Key Takeaways:
President Donald Trump has openly acknowledged that interviews for the next Fed chair are already underway, even though Jerome Powell’s term has months left. And instead of playing coy, Trump suggested that he has already settled on the candidate he wants — without saying who it is.
The message was delivered casually, almost offhand, during a diplomatic meeting with Saudi Arabia’s Crown Prince. It was enough to ignite speculation instantly across prediction markets and crypto trading platforms, where users bet real money on political outcomes.
Once Trump hinted that the decision is basically made, one candidate moved sharply ahead in the prediction markets: National Economic Adviser Kevin Hassett.
On Polymarket — a platform notorious for turning political rumors into real-time probability charts — Hassett now holds a 47% chance of becoming the next Fed chair, towering over every other contender. Christopher Waller trails with 21% odds, while Rick Rieder and Kevin Warsh sit near 11% each.

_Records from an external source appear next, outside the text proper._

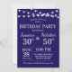 Invitation conjointe d'un adulte à la fête d'anniversaire. Coanniversaire de la fête combinée. Arrière - plan bleu marine. Homme ou femme, garçon ou fille Anniversaire Invitation. Éclairage à cordes. 13ème 15ème 16ème 18ème 20ème 21ème 30ème 40ème 50ème 60ème 70ème 80ème 90ème 100ème, n'importe quel âge. Pour plus de personnalisation, cliquez sur le bouton "Customiser" et utilisez notre outil de conception pour modifier ce modèle.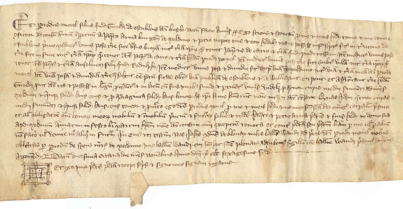 3- « Moi, Perrodus Morel... », les premiers mots du parchemin du 28 novembre 1362 : zoom résolution 1398x726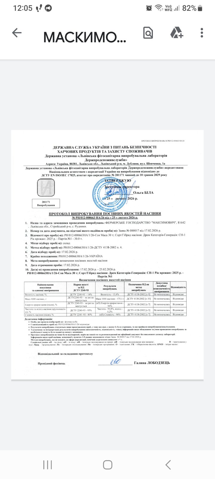 Маса 1000 насінин: 175,1г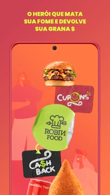 Herói de verdade! O Robin Food é um aplicativo de delivery que devolve sua grana. Você escolhe o restaurante, faz seu pedido em casa e recebe de volta parte da grana que você pagou. Ela é convertida em crédito pra você usar nos próximos pedidos. Baixa o Robin aí ;)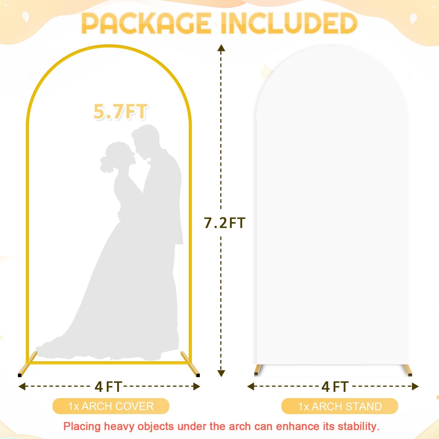 • 🥂【Package Included - 7.2FT Arch Backdrop Stand】You will receive 7.2FT gold party arch backdrop stand and the same size 7.2FT white spandex arch backdrop cover. Let's create unforgettable moments with our backdrop arch stand!

It helps that Hassett has been anything but shy. He has already said publicly that he would accept the job if asked, while also emphasizing his experience inside the Fed earlier in his career. In other words, Hassett is not campaigning — but he’s definitely not hiding.
Jerome Powell’s term doesn’t end until May 2026, but that timing is no longer central to the story. A more immediate pathway is available: Stephen Miran’s Fed governor term expires in January. The president could nominate a successor for that seat, then elevate that governor to chair once Powell’s term ends.
People close to the situation expect Trump to take that two-step route — a slow motion exit rather than a sudden firing.
Powell, meanwhile, remains the target of a long-running presidential grievance. Trump has repeatedly attacked Powell this year for refusing to cut rates earlier, only softening slightly after the Fed delivered two rate cuts in September and October. Even then, Trump framed the move as the Fed belatedly correcting “interest rate stupidity.”
The leadership drama now collides with monetary policy. Hassett has made it clear that — in his ideal world — the Fed would be more aggressive in easing. He believes a larger cut is justified in December, even though he expects policymakers to stick to a 25-bps reduction if they cut at all.
Other Fed officials have warned that lowering rates too quickly risks reigniting inflation, turning the December meeting into both a policy event and a political pressure point.
The race for the Fed chair has become a proxy for a much larger divide: Should the central bank guide the next economic phase cautiously, or should it push aggressively for cheaper borrowing?
Kevin Hassett represents the latter philosophy. And right now, markets are behaving as though he is the future.